|“The Best of Bob Dylan” CD
For some time now, and I have no idea how long that is, I have had a special CD in the car: The Best of Bob Dylan. It was not inside any protective paper enclosure and has lived in a side pocket below the left armrest for years, then somehow rejoined the present. That has been a wonderful development, since I had the opportunity to notice it once again and listen to it while driving around town doing various errands.
The CD includes sixteen works, apparently recorded from 1962 all the way through 2008. Dylan is nothing if not prolific and has moved over the years from strictly acoustic guitar and harmonica to accompany his nasal voice to rock style instruments and full orchestral accompaniment. In my opinion, the best works on the “Best of” reissue CD have full professional backups with a number of instruments, yet at its heart, it’s pure Dylan.

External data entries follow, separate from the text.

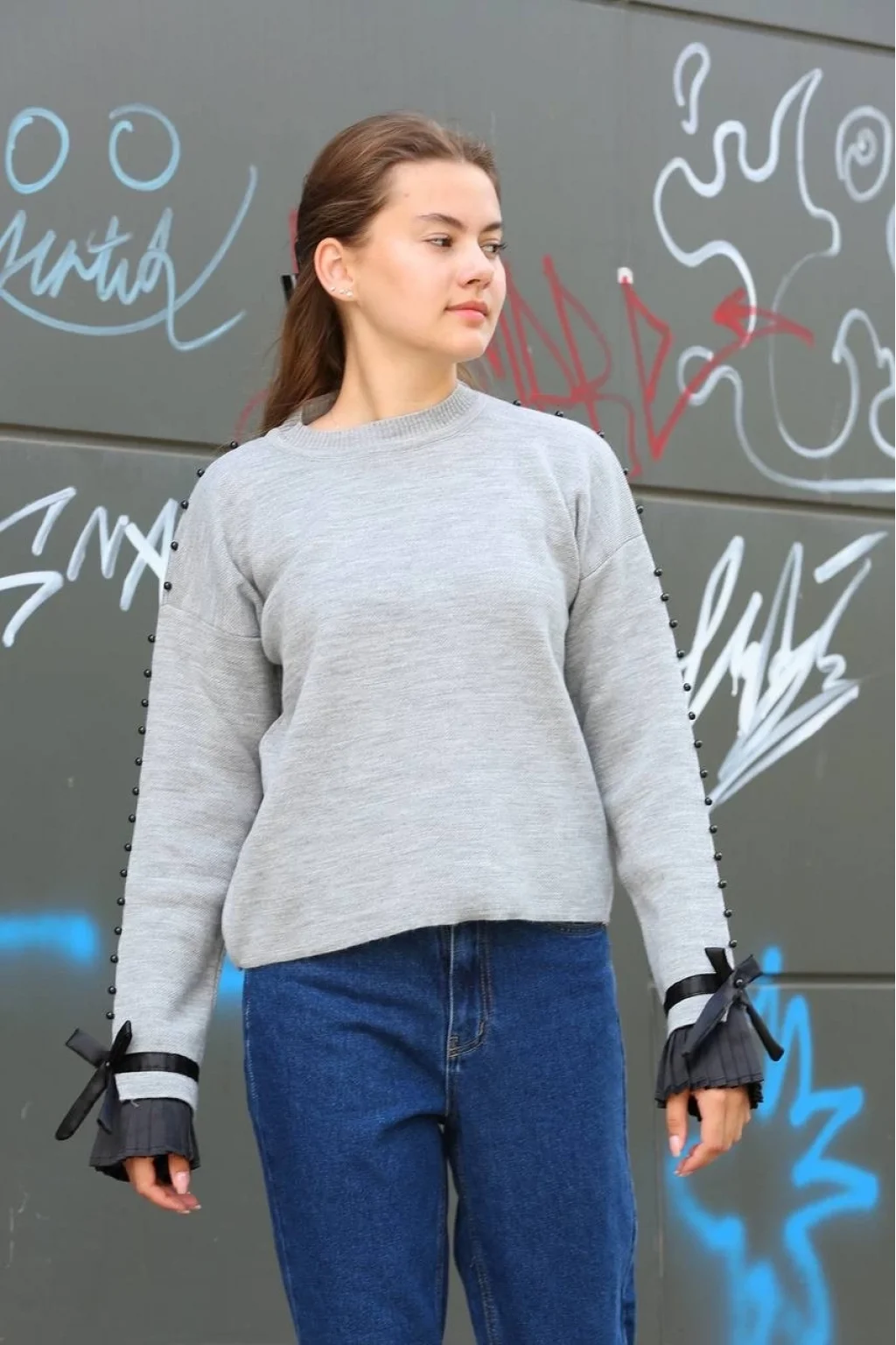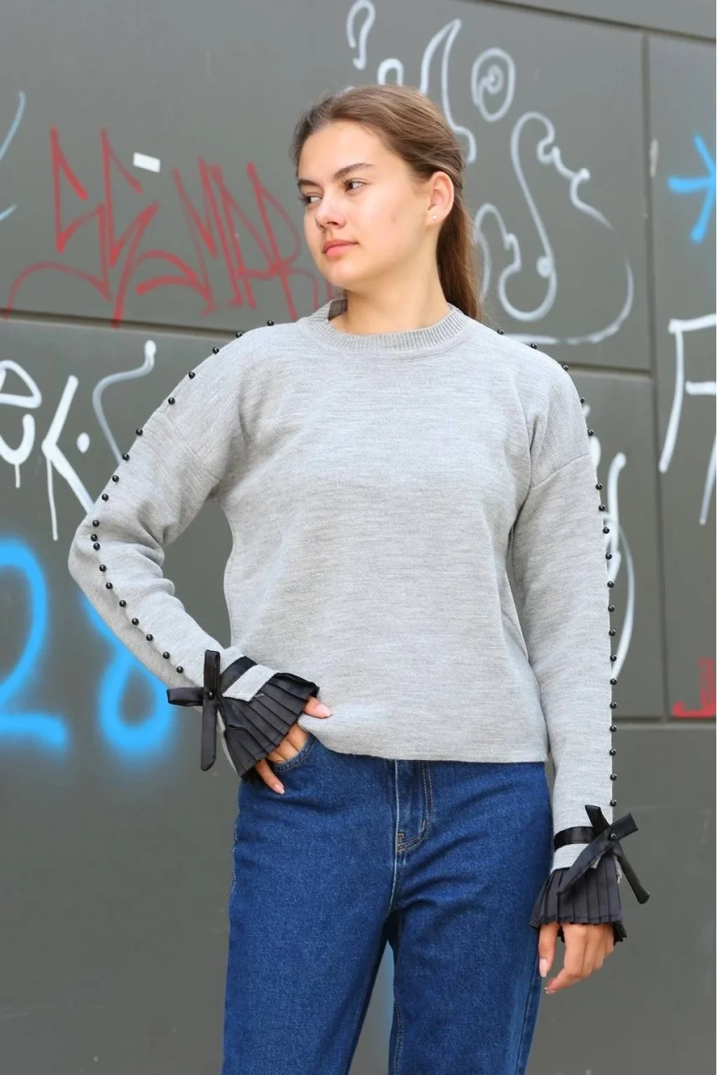 Boncuklu bile detaylı kazak gri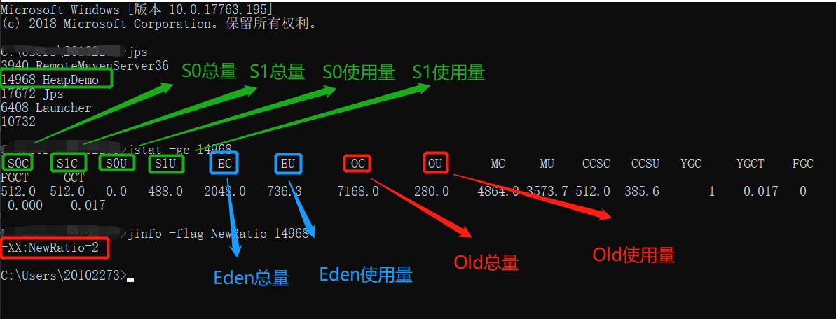 以上边的代码为例:设置启动参数-XX:+PrintGCDetails;可在cmd窗口中输入jps查询进程号,然后通过jstat -gc 进程id指令查看进程的内存使用情况。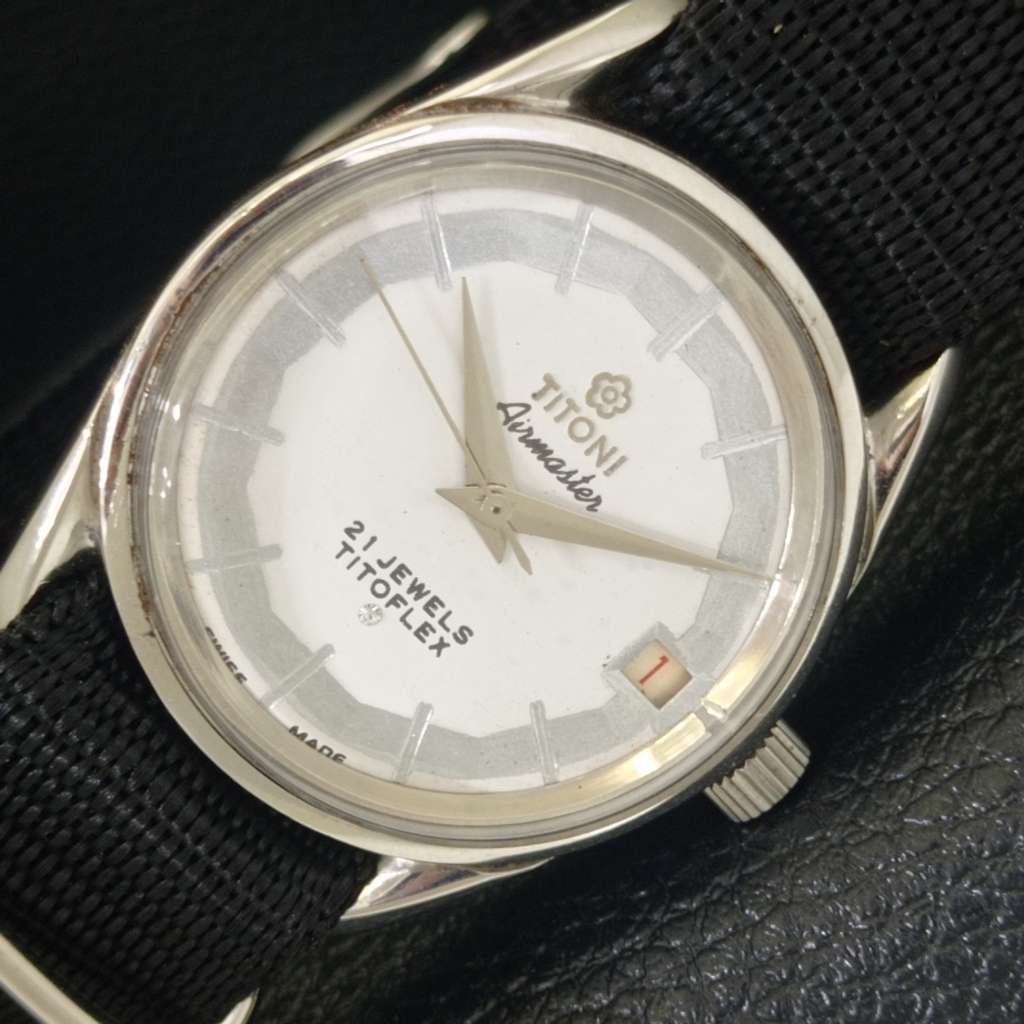 TITONI AIRMASTER TITOFLEX VINTAGE HAND-WINDING SWISS MENS WHITE WATCH a703245-1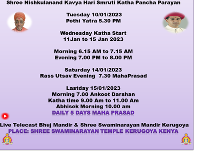 Shree Swaminarayan Temple Kerugoya, Kenya will be celebrating it's 4th Patotsav from Wednesday 11th January to Sunday 15th January 2023. Katha will be narrated by Bhuj Santo who will be reciting the Hari Smruti katha.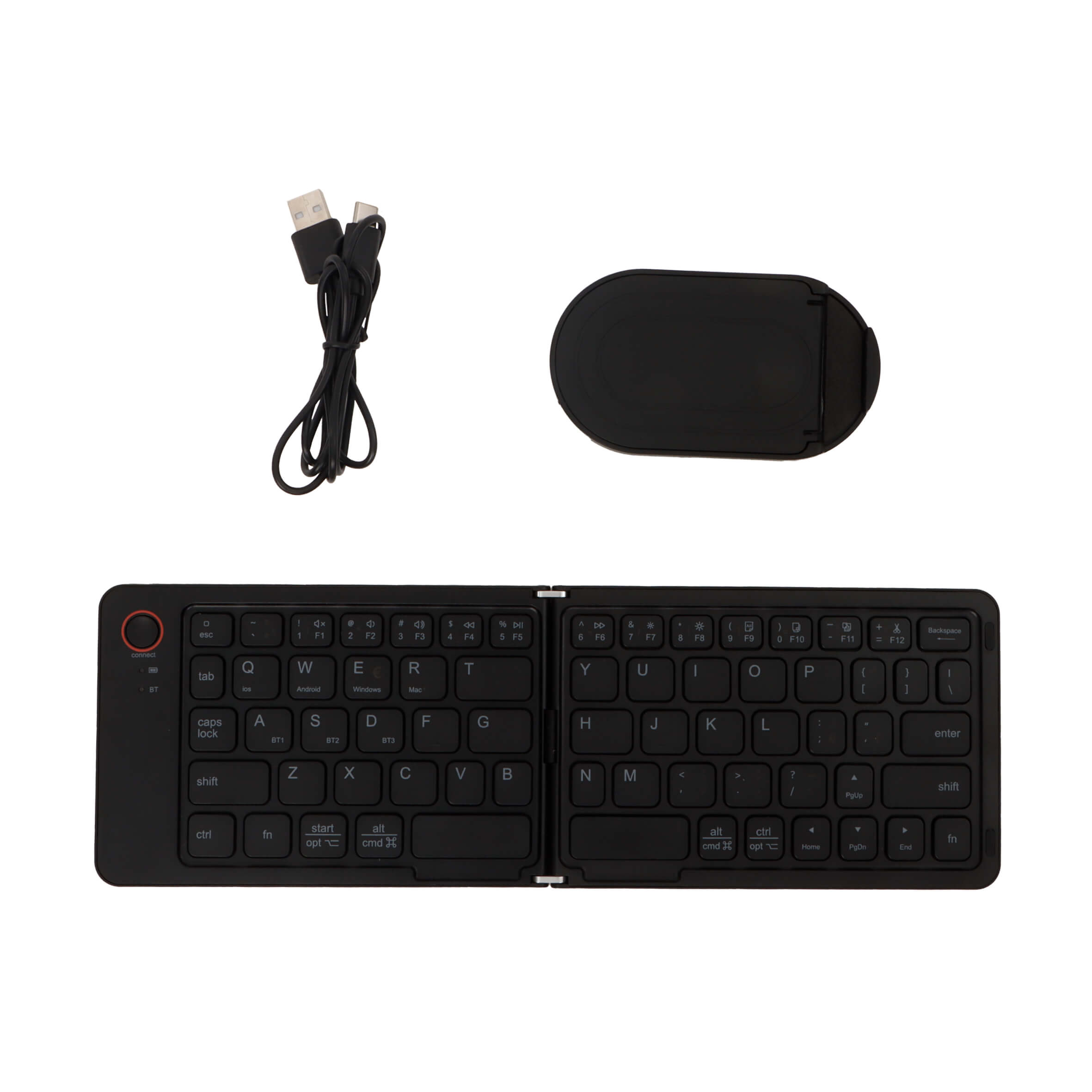 IDEZA Teclado inalámbrico plegable con botón de conexión. Incluye soporte y cable de carga.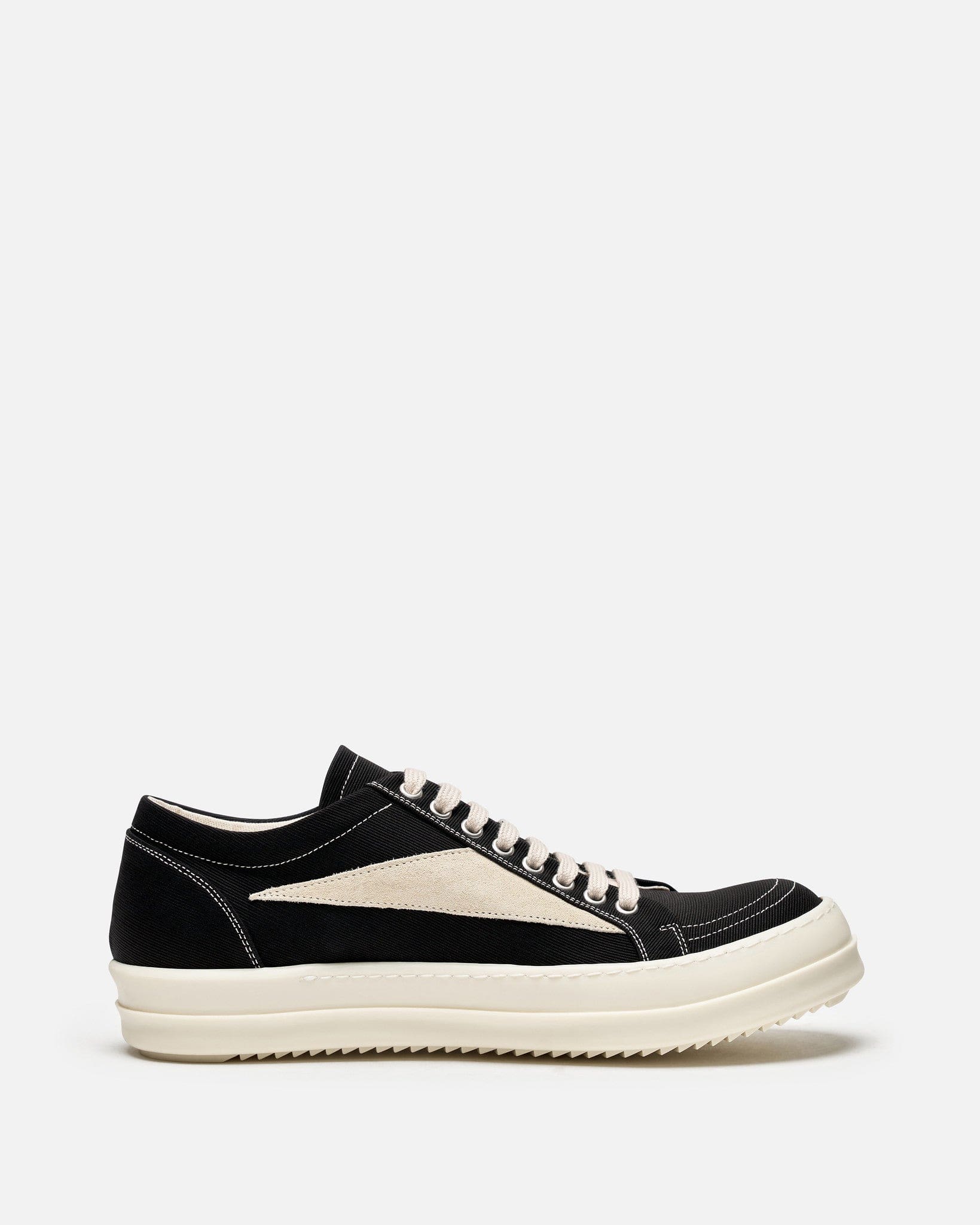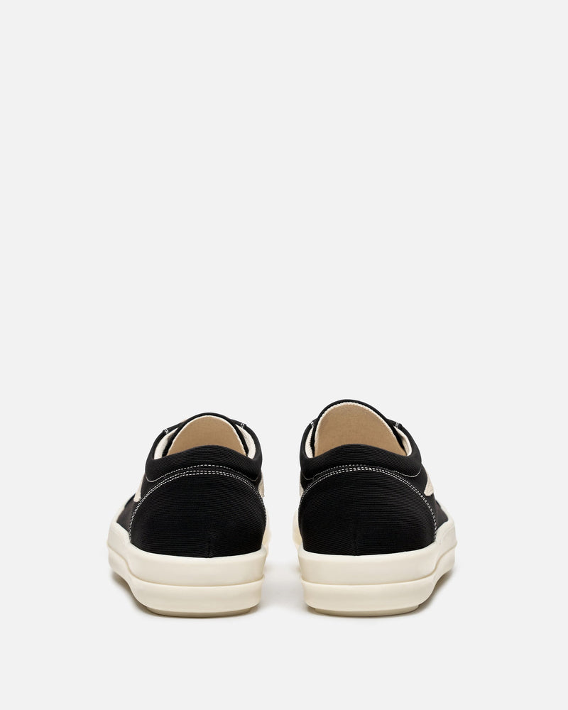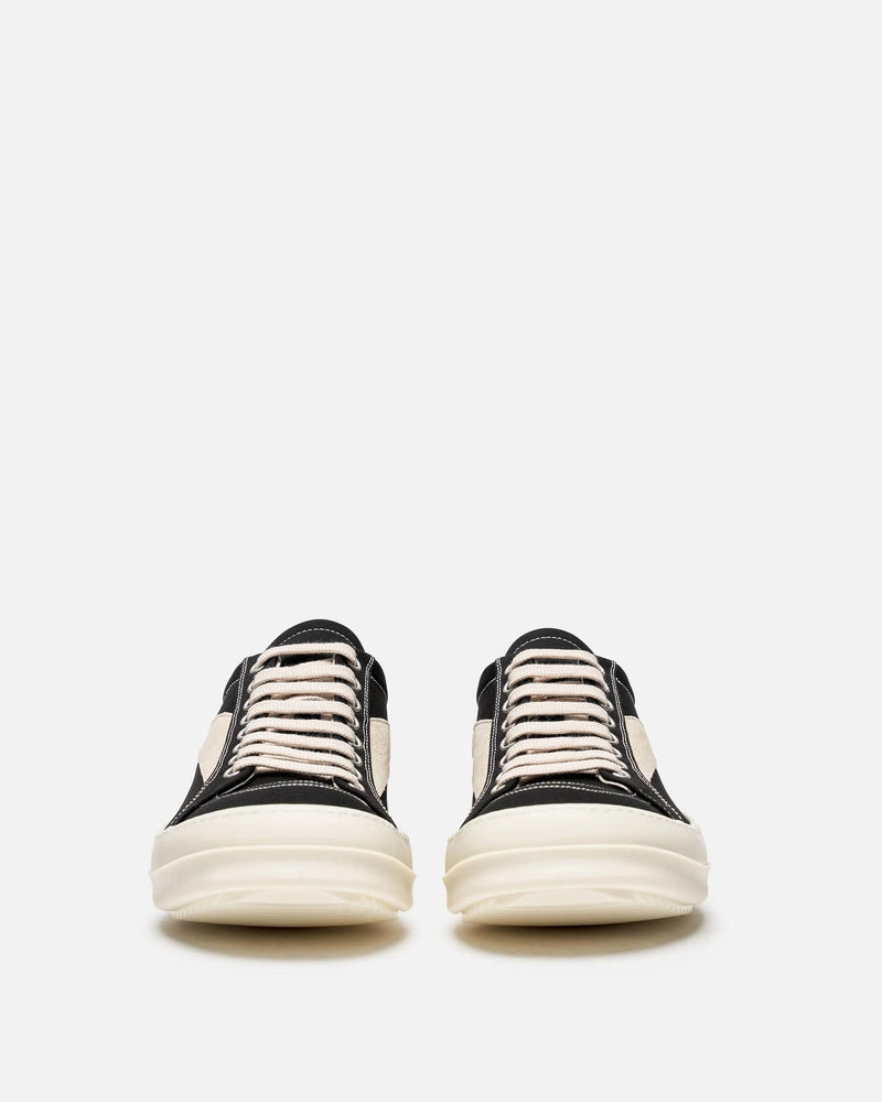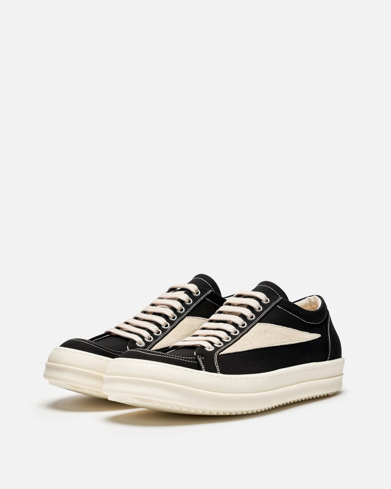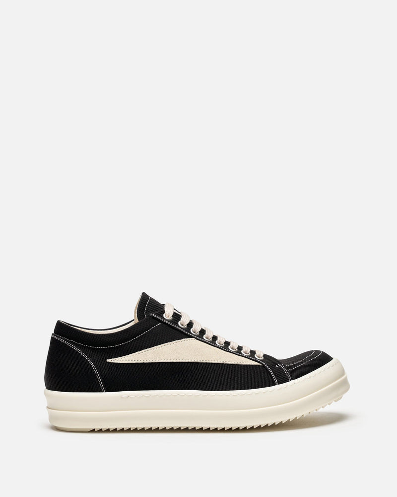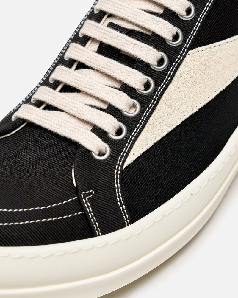 Rick Owens DRKSHDW Lido Vintage Sneakers in Black/Milk/Milk. These shoes feature a lace-up closure, graphic leather applique on the side, round toe and shark tooth soles. The stretch denim is overdyed with a clear foil overlay that creates a waxy touch.

The first few songs, from the early sixties, are pure original coffee shop Dylan; just him and his acoustic guitar and harmonica. These, including Blowin’ in the Wind and The Times They Are A-Changin’ are classic early works, and this “period” of Dylan, if I may use this term, conclude with the classic Mr. Tambourine Man, from 1965.
The following song, Like a Rolling Stone is different, with a full professional arrangement, and it’s a five-star diamond. The next five-star (for me at least) work is Lay, Lady, Lay. This is almost indescribably tender and moving. “Lady” is followed by Knockin’ on Heaven’s Door, a somber, almost funereal gloom-fest, but beautiful on its own. I’d give that a four star rating. However it is followed by the nearly impossibly beautiful and meaningful “Tangled Up in Blue.” To me, this is a five-star song and the way it is arranged represents Dylan at his absolute best. “Blue” has to be one of the greatest songs ever recorded, at least to me.
“Forever Young” is a good one but did not connect with me the way the most moving did; four stars. The next “killer” song for me, another five-star was “Gotta Serve Somebody.” The final song that really reached me was “Not Dark Yet,” a somber, slow one with full professional accompaniment; four to five stars.
Enjoy life; it's the only one we will get.